Drop the pictures and extract exactly the lines from the one that contains "這天早餐是前一晚就泡的德國有" through the end of the material.

=== Begin Enclosure ===

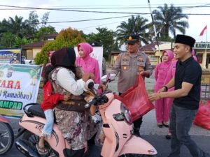 Detakgaruda.com,- KAMPAR – Dibulan suci Ramadhan dengan berbagi kebaikan, Polsek Kampar bersama Bhayangkari Polsek Kampar menggelar aksi sosial dengan membagikan takjil gratis kepada para pengendara di Jalan Raya Pekanbaru – Bangkinang Km 48 tepatnya di depan Mapolsek Kampar, Desa Bukit Ranah, Kecamatan Kampar, Sabtu sore (7/3/2026).
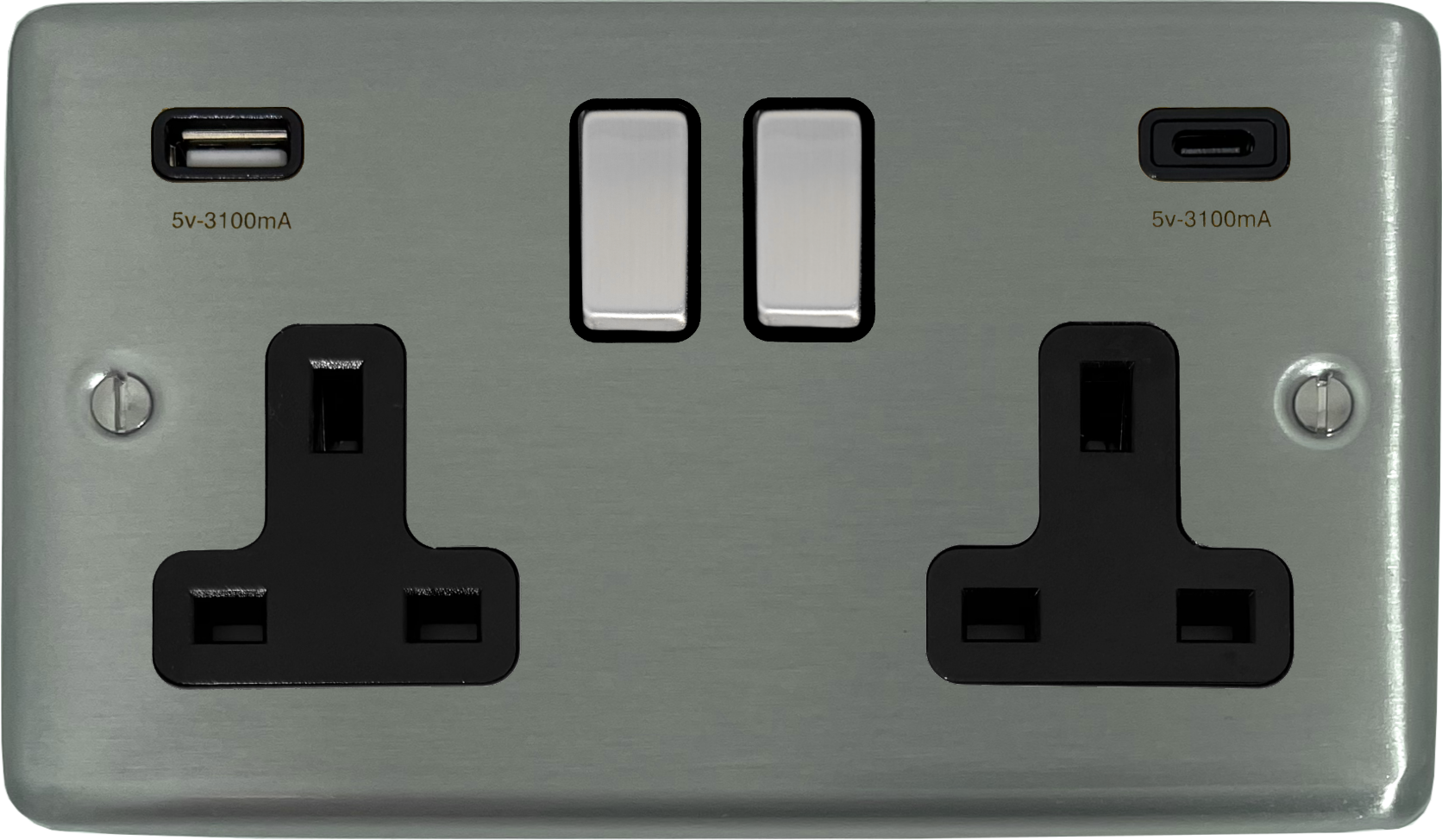 Contour Stainless Steel Double Socket with USB (USB-A and USB-C/Black Inserts/Steel Switches) CL.3911.SS
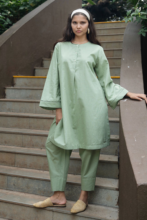 View full detailsThe Iris kurta set is made from our yarn dyed linen cotton fabrication . The tunic Is anti fit pheran style kurta with pakiza inspired pants.Materi...
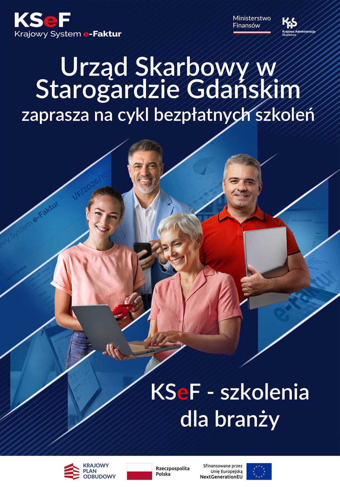 W ramach kontynuacji wsparcia przedsiębiorców Urząd Skarbowy w Starogardzie Gdańskim zaprasza na nowy moduł szkoleń dla przedstawicieli branż pn. „KSeF – szkolenia dla branży".
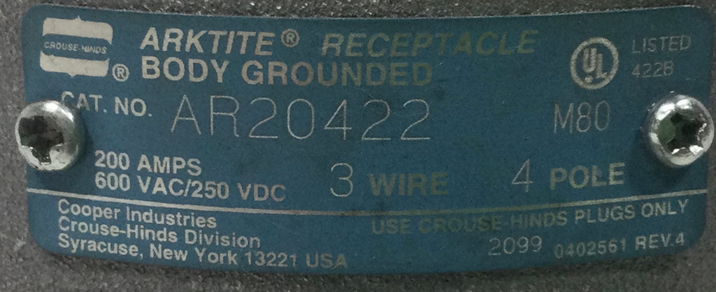 Crouse-Hinds AR20422 200 Amp 3W 4 Pole 600V ARKtite Receptacle/Service Outlet
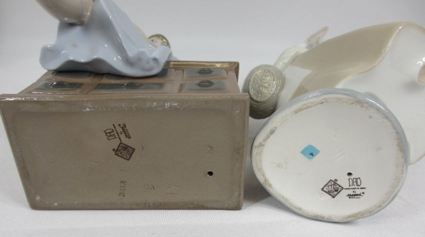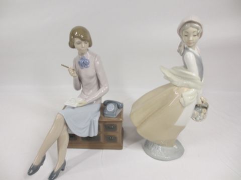 NAO FIGURINES (2) - Girl with a basket and a lady sat near a telephone, 24cms H the tallest
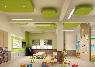 展廳設計以藍色為主色調:前廳有天花吊頂造型,以石膏板和天花軟膜為主。展廳頂面裸頂掃黑色乳膠漆再加上一些鋁方通,多邊形燈膜
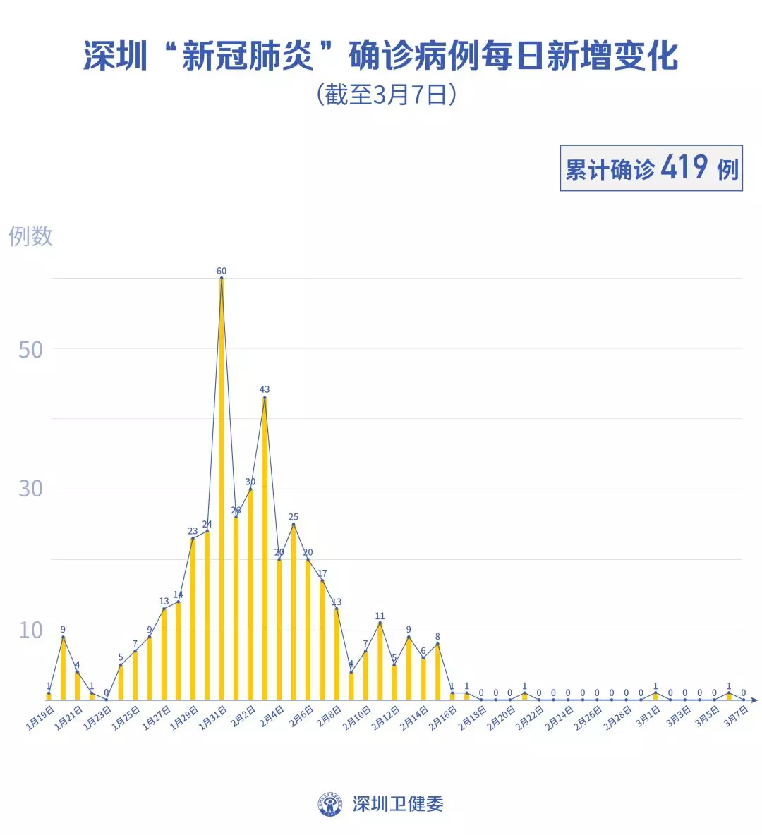 截至3月7日24時(shí),深圳累計(jì)報(bào)告“新冠肺炎”確診病例419例。3月7日當(dāng)天全市無(wú)新增確診病例,當(dāng)天出院病例7例(從2月26日起不再公布出院個(gè)案)。
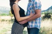Młoda para stojąc razem i tulenie siebie trawiastym boisku w bezchmurne niebo
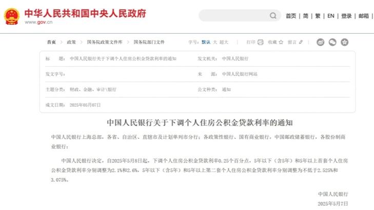 根據2025年5月7日發佈的《中國人民銀行關於下調個人住房公積金貸款利率的通知》,自2025年5月8日起,下調個人住房公積金貸款利率0.25個百分點,5年以下(含5年)和5年以上首套個人住房公積金貸款利率分別調整爲2.1%和2.6%,5年以下(含5年)和5年以上第二套個人住房公積金貸款利率分別調整爲不低於2.525%和3.075%。
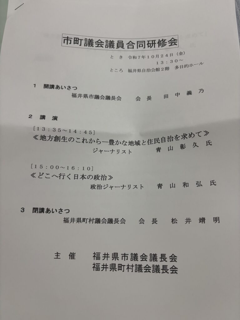 ブログ2025年10月24日【市町議会議員合同研修会〜これからの日本と政治〜】
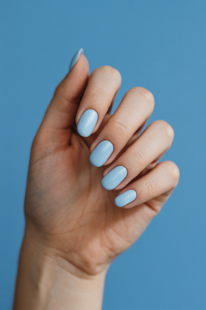 I love pale blue nails in winter because they feel seasonal while still staying minimal and wearable.
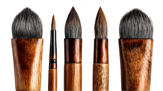 A diverse collection of painting implements arranged neatly showcasing a variety of bristle types sizes and handle materials for artistic creation and detailed craft work.
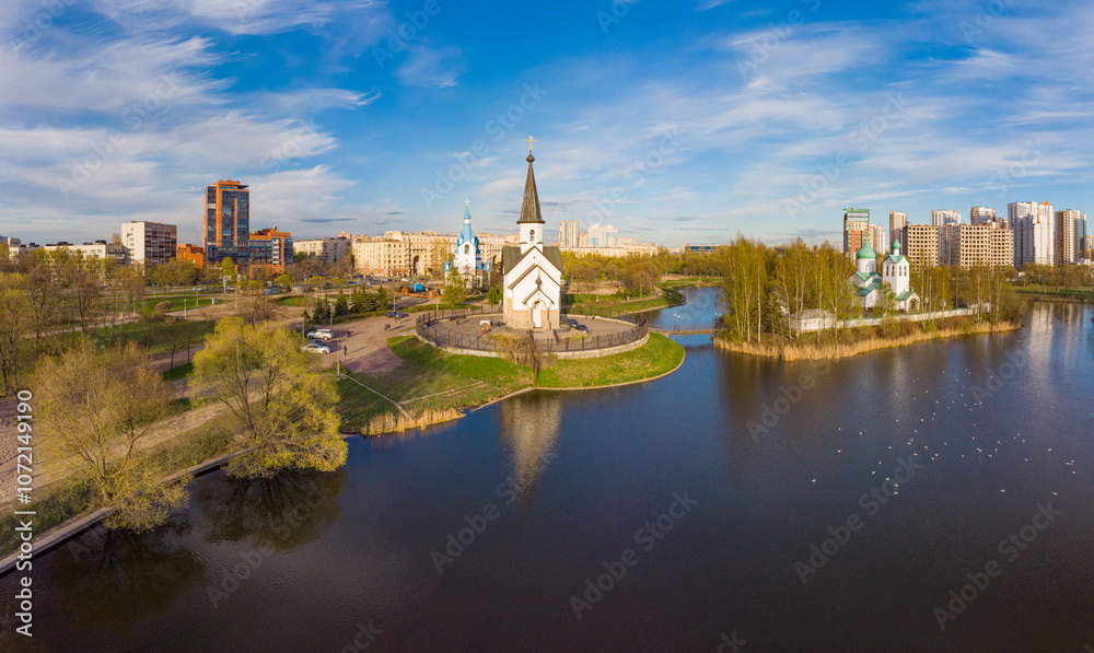 Aerial top View to St. George the Victorious Georgievskaya, Sergius Of Radonezh and Church Nativity of Christ and Srednerogatsky pond. Pulkovsky park. Saint Petersburg. Russia. Europe
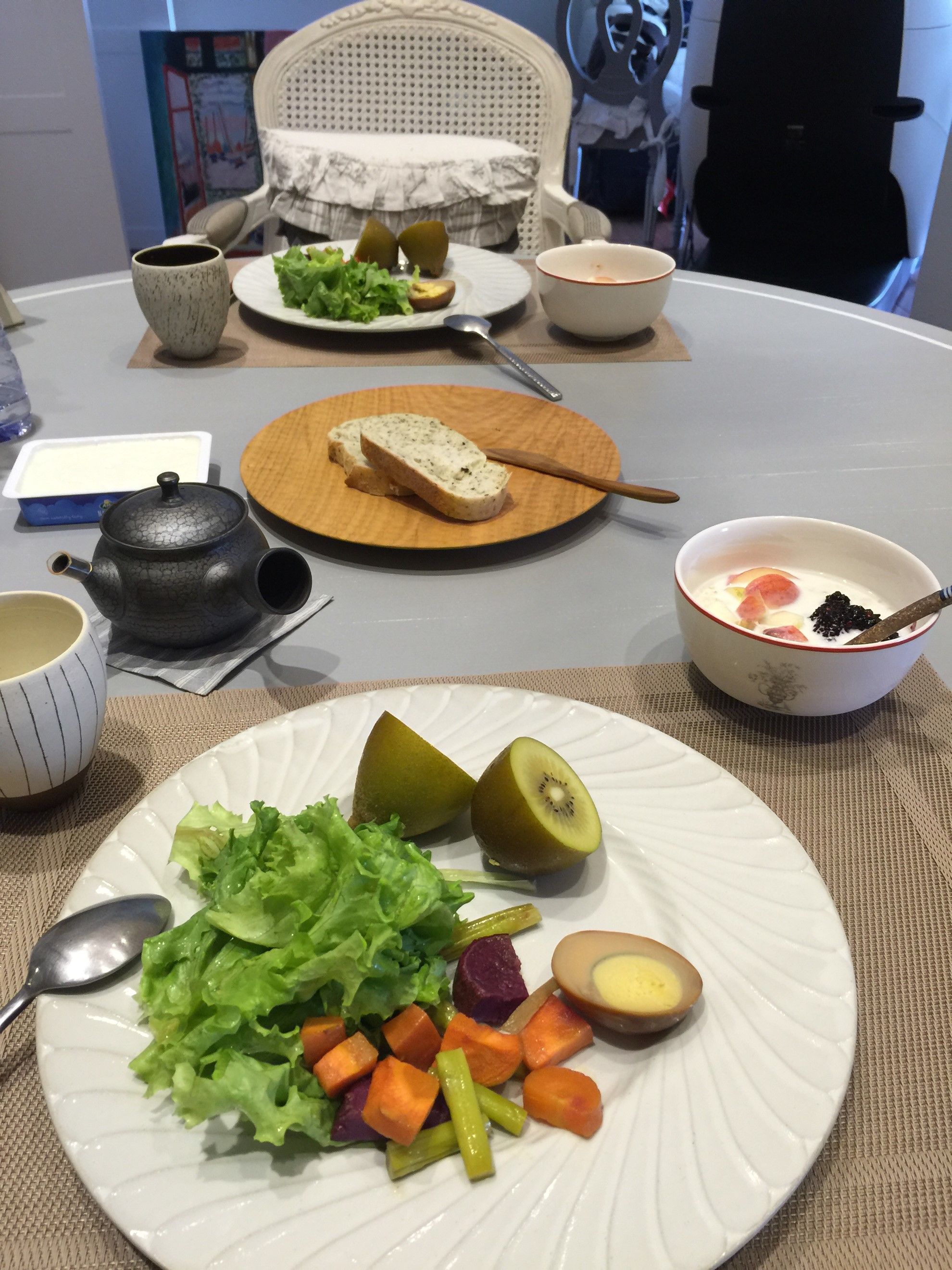 這天早餐是前一晚就泡的德國有機麥片跟真的初鹿牧場牛奶,配上周奶奶今年做的桑椹果醬(真是超好吃!),配上我的瓶裝沙拉,配上半顆松齡滷味的滷蛋
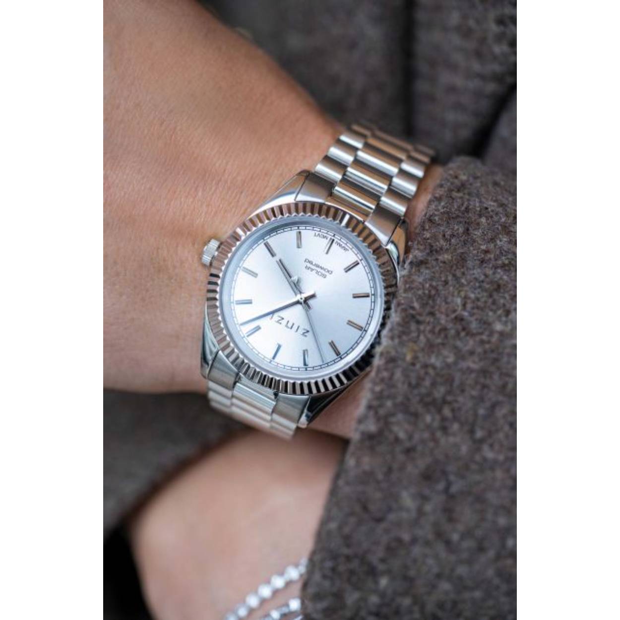 Het ZINZI Solaris horloge is trendy, klassiek en duurzaam tegelijk. Het Japanse kwaliteitsuurwerk maakt gebruik van licht als energiebron. De kleine zonnecellen vangen het zonlicht op, maar ook met kunstlicht kan dit horloge zich opladen, Het vervangen van de batterij is niet meer nodig. Met de mooie ring rondom de zilverkleurige wijzerplaat en de stoere rolex-style stalen band met luxe clip-sluiting, krijgt het horloge een stijlvolle stoere uitstraling. Voorzien van een zilverkleurige wijzerplaat, stalen kast 35mm en stalen schakelband in de kleur zilver. Extra kwaliteit: Voorzien van een Citizen-Miyota uurwerk, sterk mineraal glas en het horloge is 5atm waterbestendig (tegen regen en spatwater).

=== End Enclosure ===

* ANSWER
 這天早餐是前一晚就泡的德國有機麥片跟真的初鹿牧場牛奶,配上周奶奶今年做的桑椹果醬(真是超好吃!),配上我的瓶裝沙拉,配上半顆松齡滷味的滷蛋
 Het ZINZI Solaris horloge is trendy, klassiek en duurzaam tegelijk. Het Japanse kwaliteitsuurwerk maakt gebruik van licht als energiebron. De kleine zonnecellen vangen het zonlicht op, maar ook met kunstlicht kan dit horloge zich opladen, Het vervangen van de batterij is niet meer nodig. Met de mooie ring rondom de zilverkleurige wijzerplaat en de stoere rolex-style stalen band met luxe clip-sluiting, krijgt het horloge een stijlvolle stoere uitstraling. Voorzien van een zilverkleurige wijzerplaat, stalen kast 35mm en stalen schakelband in de kleur zilver. Extra kwaliteit: Voorzien van een Citizen-Miyota uurwerk, sterk mineraal glas en het horloge is 5atm waterbestendig (tegen regen en spatwater).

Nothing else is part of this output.